- _WHAT IS EXPECTED_
Print the listing below only from the line that has "GS08300/01 Ø 38 mm" through the line that has "Rs269 billion, and", exactly, and drop any picture.

- _RECORDS PROVIDED_
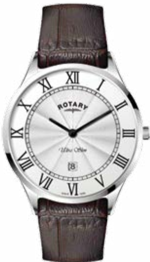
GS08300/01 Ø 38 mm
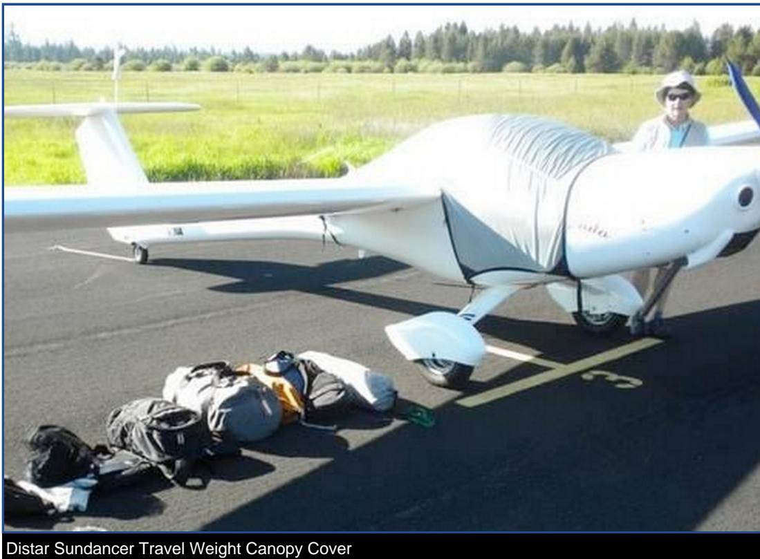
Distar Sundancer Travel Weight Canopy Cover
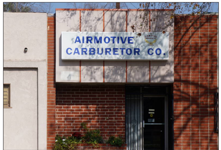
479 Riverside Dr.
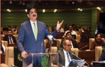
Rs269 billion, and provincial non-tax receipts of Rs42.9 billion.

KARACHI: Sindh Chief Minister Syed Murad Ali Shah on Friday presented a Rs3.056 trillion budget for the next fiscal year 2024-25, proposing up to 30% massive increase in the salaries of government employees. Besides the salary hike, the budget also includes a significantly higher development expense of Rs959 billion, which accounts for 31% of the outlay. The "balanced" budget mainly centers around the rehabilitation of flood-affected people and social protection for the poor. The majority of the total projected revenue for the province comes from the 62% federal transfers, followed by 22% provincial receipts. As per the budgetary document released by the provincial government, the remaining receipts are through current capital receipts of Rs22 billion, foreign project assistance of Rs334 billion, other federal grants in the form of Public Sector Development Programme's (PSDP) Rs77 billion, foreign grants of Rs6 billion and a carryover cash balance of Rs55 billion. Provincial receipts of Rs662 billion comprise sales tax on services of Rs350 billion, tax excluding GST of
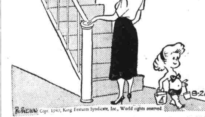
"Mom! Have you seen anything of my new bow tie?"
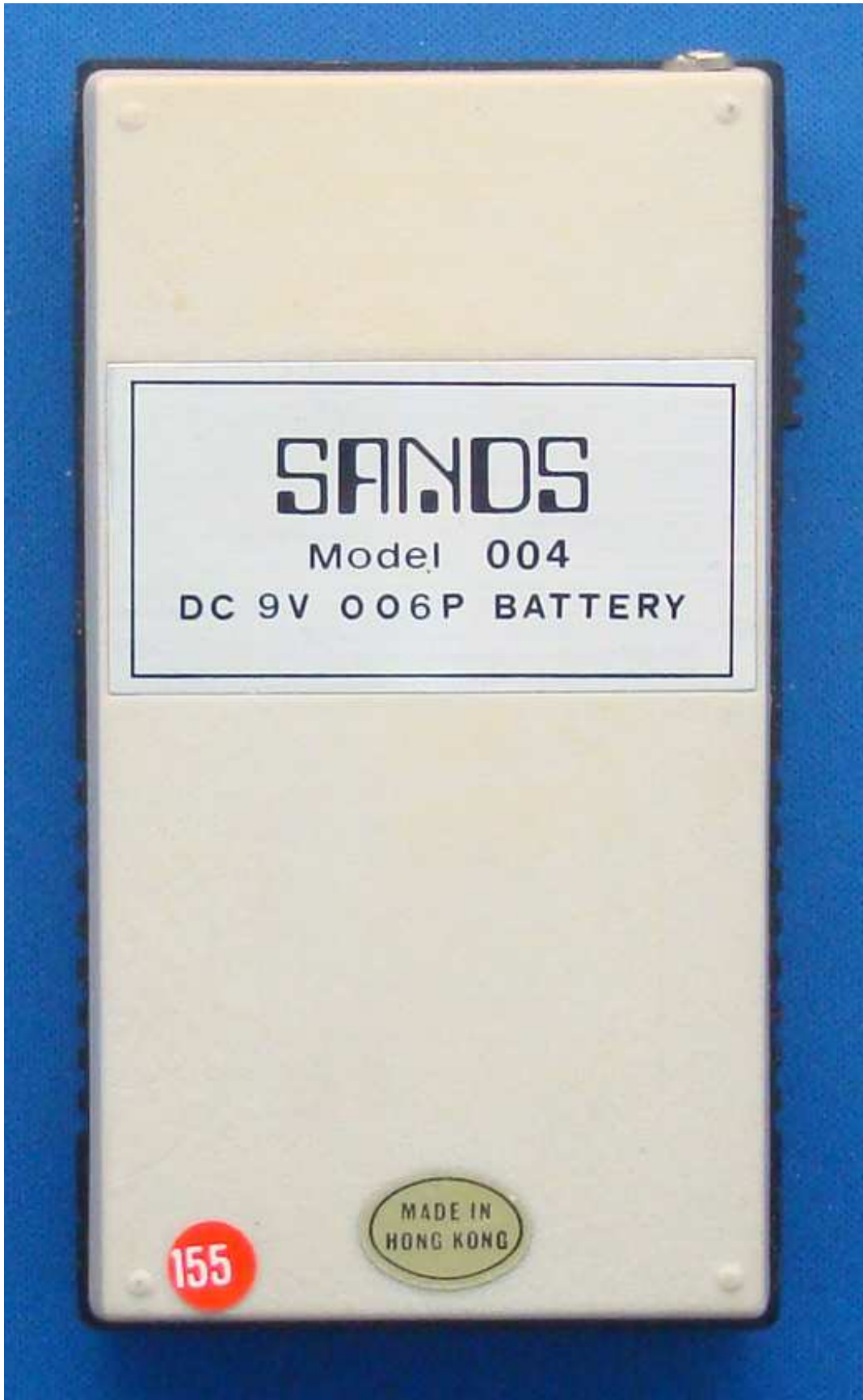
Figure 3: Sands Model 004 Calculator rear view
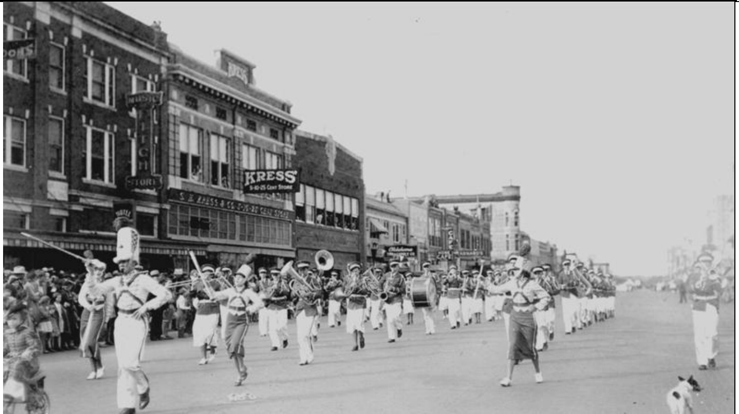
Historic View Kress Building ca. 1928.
...
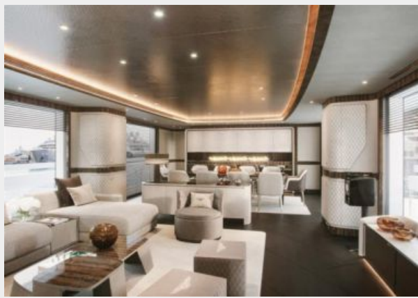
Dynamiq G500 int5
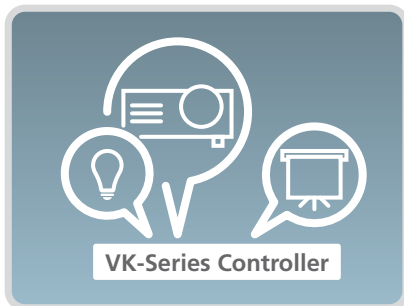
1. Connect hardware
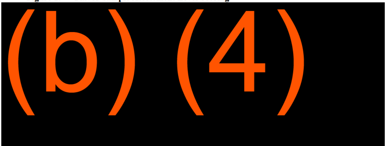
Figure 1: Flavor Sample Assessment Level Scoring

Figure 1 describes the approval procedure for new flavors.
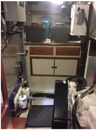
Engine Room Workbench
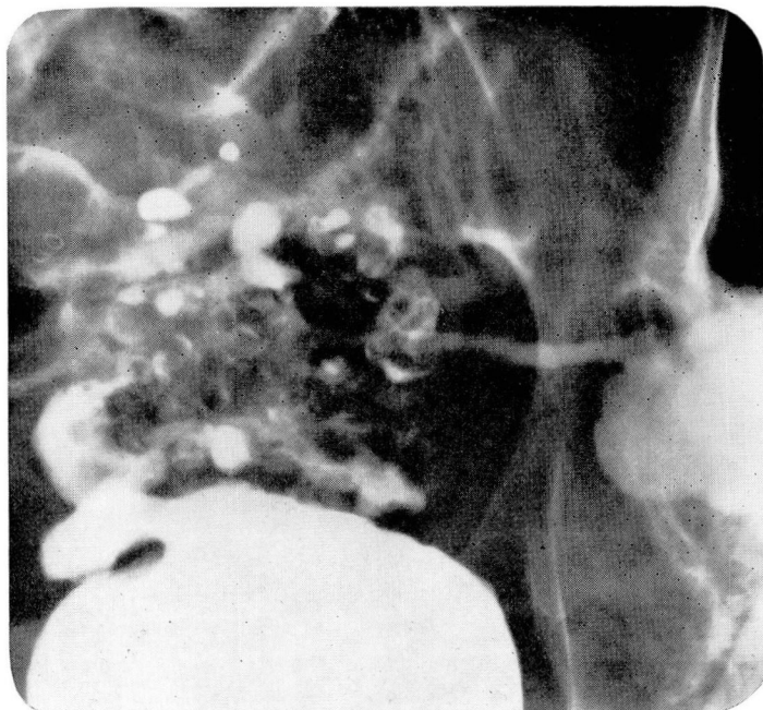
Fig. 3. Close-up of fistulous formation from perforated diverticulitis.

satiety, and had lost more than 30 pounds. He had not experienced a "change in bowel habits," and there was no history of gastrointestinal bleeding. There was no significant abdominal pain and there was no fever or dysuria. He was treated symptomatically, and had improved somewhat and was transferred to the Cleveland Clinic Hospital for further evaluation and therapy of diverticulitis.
...
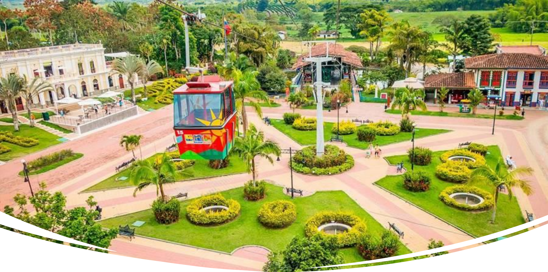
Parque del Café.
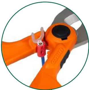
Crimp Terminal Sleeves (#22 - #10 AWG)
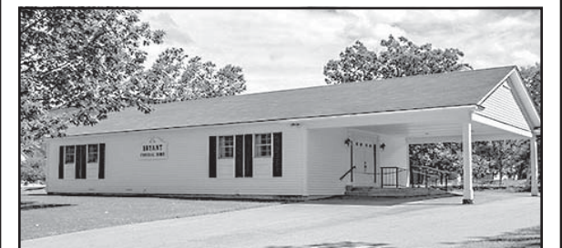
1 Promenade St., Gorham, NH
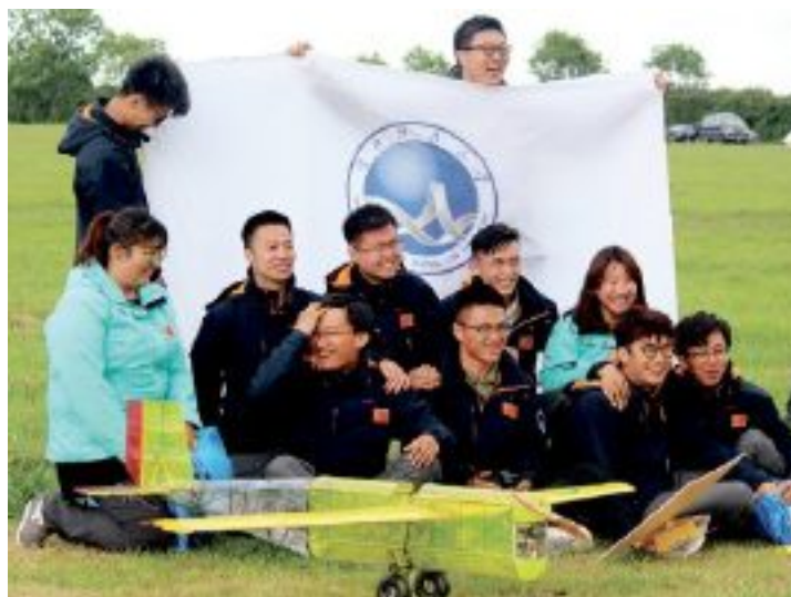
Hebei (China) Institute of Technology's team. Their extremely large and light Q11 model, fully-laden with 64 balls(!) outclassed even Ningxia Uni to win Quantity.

- _THE ANSWER_
GS08300/01 Ø 38 mm
Distar Sundancer Travel Weight Canopy Cover
479 Riverside Dr.
Rs269 billion, and provincial non-tax receipts of Rs42.9 billion.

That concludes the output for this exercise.